Dataset records:
=== Begin Enclosure ===
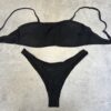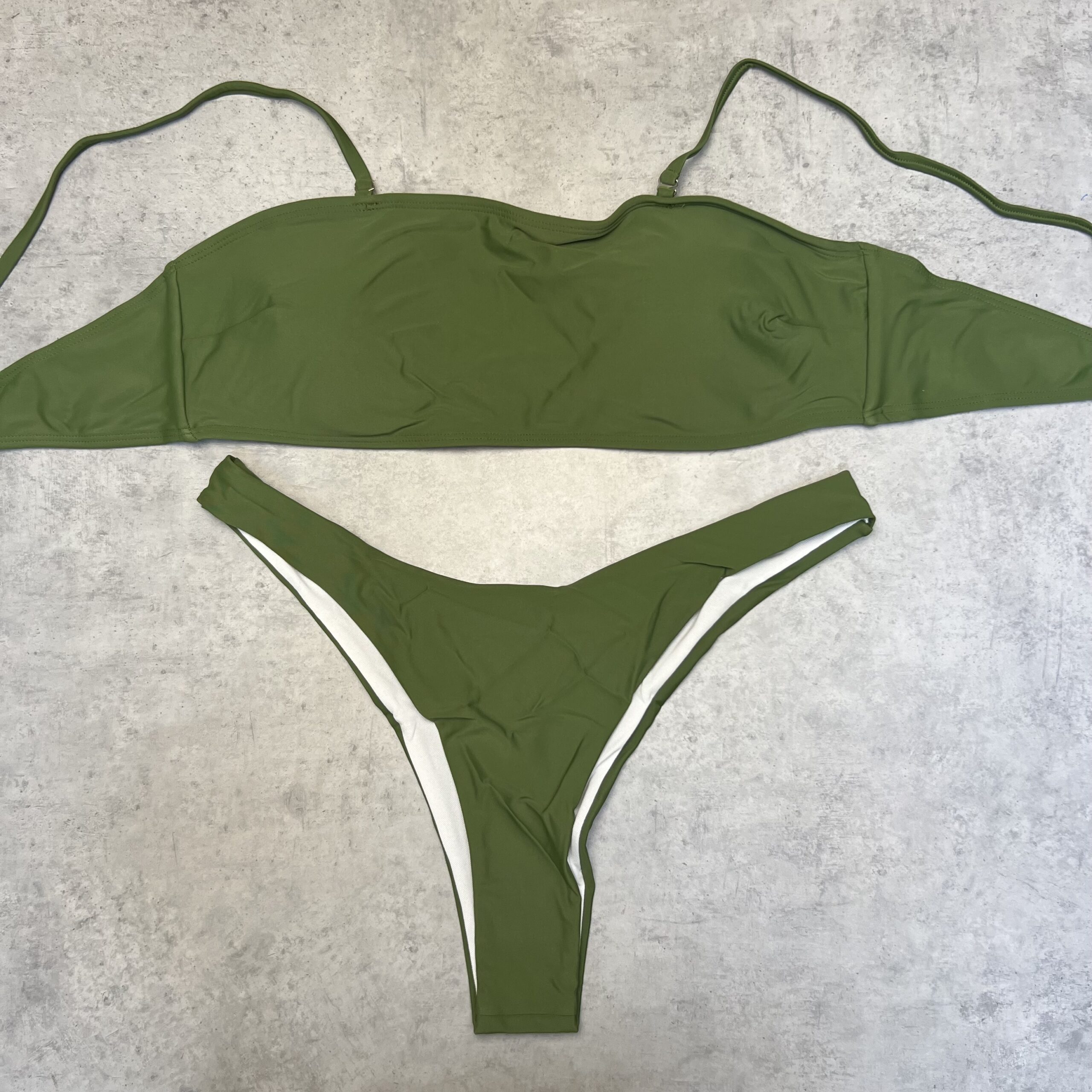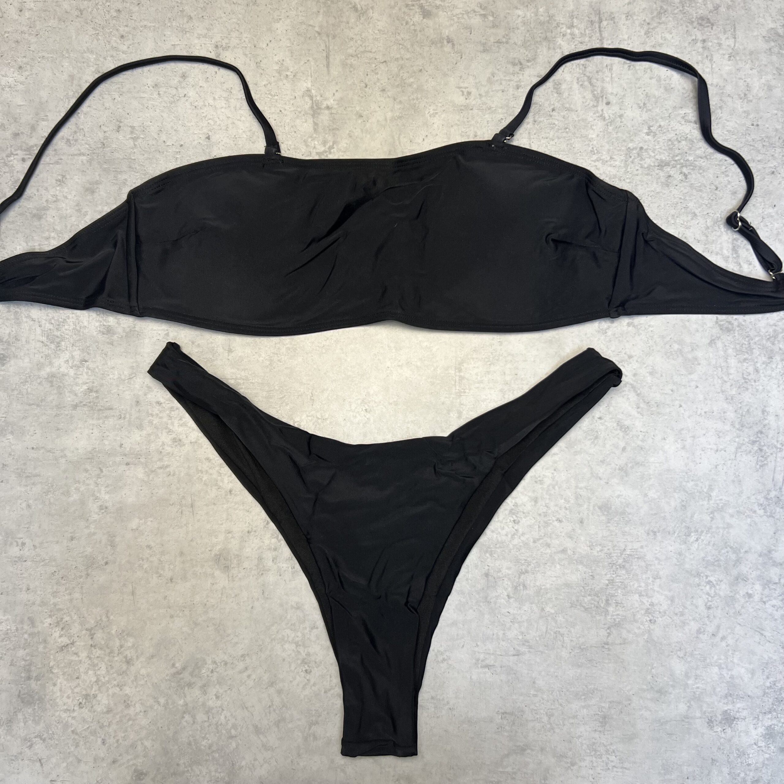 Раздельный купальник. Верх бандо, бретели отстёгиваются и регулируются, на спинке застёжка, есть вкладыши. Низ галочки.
=== End Enclosure ===
=== Begin Enclosure ===
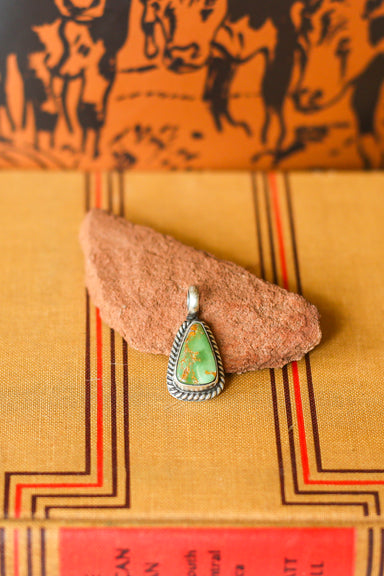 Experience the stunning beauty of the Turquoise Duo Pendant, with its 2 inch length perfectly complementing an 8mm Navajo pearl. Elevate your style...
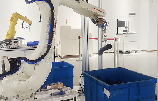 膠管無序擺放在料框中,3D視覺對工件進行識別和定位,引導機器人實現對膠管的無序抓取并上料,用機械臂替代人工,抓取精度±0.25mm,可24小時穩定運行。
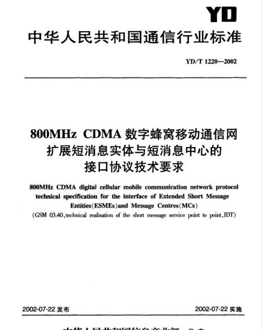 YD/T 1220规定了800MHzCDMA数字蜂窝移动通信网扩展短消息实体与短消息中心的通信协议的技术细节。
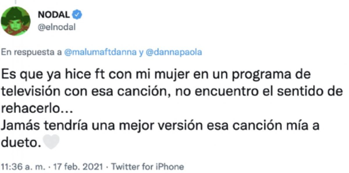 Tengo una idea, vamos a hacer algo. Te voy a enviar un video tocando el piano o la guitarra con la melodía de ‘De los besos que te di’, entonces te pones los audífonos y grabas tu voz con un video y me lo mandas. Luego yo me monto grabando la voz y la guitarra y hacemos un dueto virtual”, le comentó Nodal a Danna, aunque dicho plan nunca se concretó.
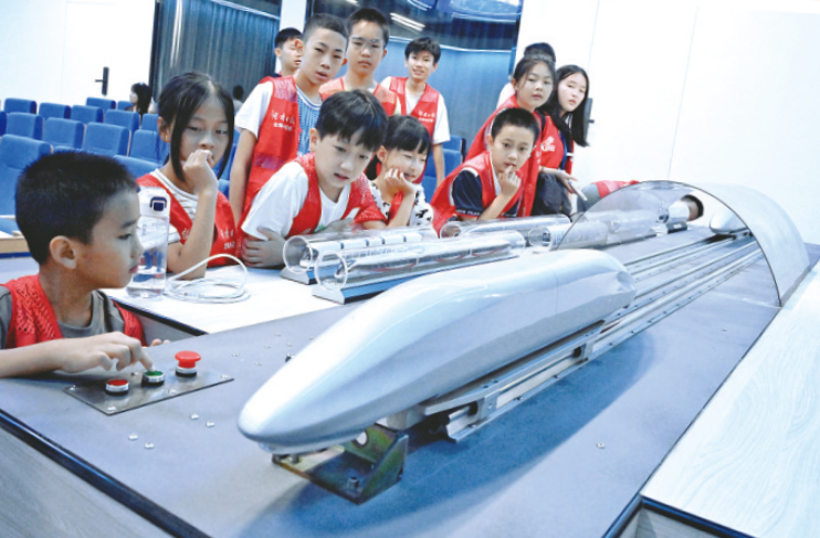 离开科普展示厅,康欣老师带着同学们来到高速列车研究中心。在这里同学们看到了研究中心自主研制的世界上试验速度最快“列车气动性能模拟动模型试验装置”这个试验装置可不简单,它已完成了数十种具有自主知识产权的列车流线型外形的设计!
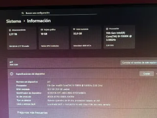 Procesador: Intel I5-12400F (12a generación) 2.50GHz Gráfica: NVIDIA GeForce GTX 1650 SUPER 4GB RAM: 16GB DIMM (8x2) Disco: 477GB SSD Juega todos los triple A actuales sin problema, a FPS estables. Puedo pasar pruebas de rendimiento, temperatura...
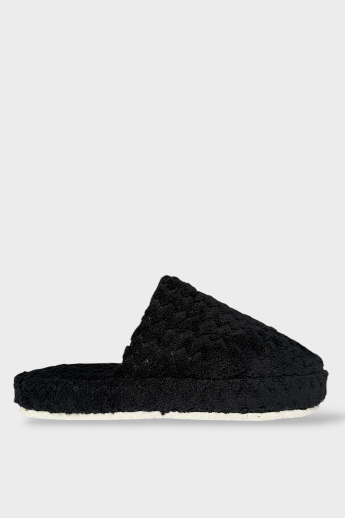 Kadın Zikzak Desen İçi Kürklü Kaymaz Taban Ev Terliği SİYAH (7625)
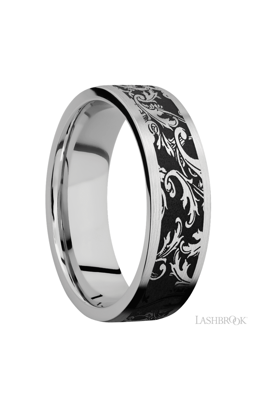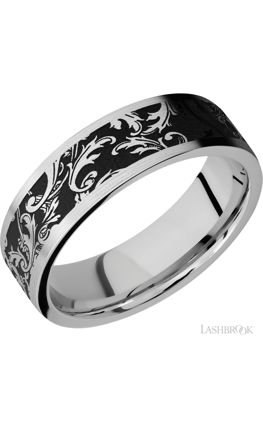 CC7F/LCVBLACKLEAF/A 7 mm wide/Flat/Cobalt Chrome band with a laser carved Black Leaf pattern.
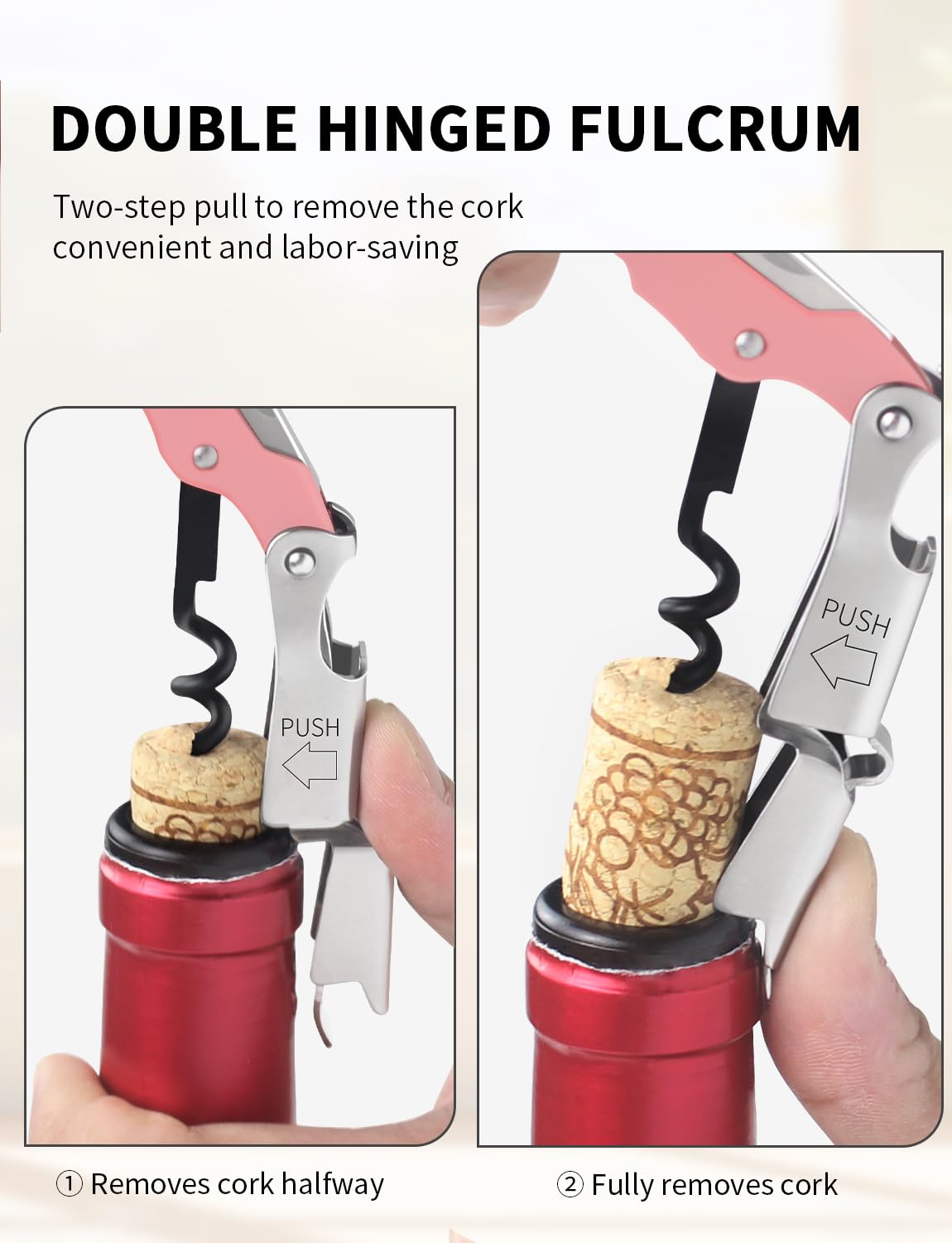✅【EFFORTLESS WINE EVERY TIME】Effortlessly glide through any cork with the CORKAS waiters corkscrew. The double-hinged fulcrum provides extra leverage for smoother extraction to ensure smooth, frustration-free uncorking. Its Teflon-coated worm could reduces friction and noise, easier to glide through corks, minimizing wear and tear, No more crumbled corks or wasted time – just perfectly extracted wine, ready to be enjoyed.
=== End Enclosure ===
What is required:
Look above for the line with "离开科普展示厅,康欣老师带着" and the line with "CC7F/LCVBLACKLEAF/A 7 mm". Output those two and everything between them exactly, pictures excluded.

Solution for this problem:
 离开科普展示厅,康欣老师带着同学们来到高速列车研究中心。在这里同学们看到了研究中心自主研制的世界上试验速度最快“列车气动性能模拟动模型试验装置”这个试验装置可不简单,它已完成了数十种具有自主知识产权的列车流线型外形的设计!
 Procesador: Intel I5-12400F (12a generación) 2.50GHz Gráfica: NVIDIA GeForce GTX 1650 SUPER 4GB RAM: 16GB DIMM (8x2) Disco: 477GB SSD Juega todos los triple A actuales sin problema, a FPS estables. Puedo pasar pruebas de rendimiento, temperatura...
 Kadın Zikzak Desen İçi Kürklü Kaymaz Taban Ev Terliği SİYAH (7625)
 CC7F/LCVBLACKLEAF/A 7 mm wide/Flat/Cobalt Chrome band with a laser carved Black Leaf pattern.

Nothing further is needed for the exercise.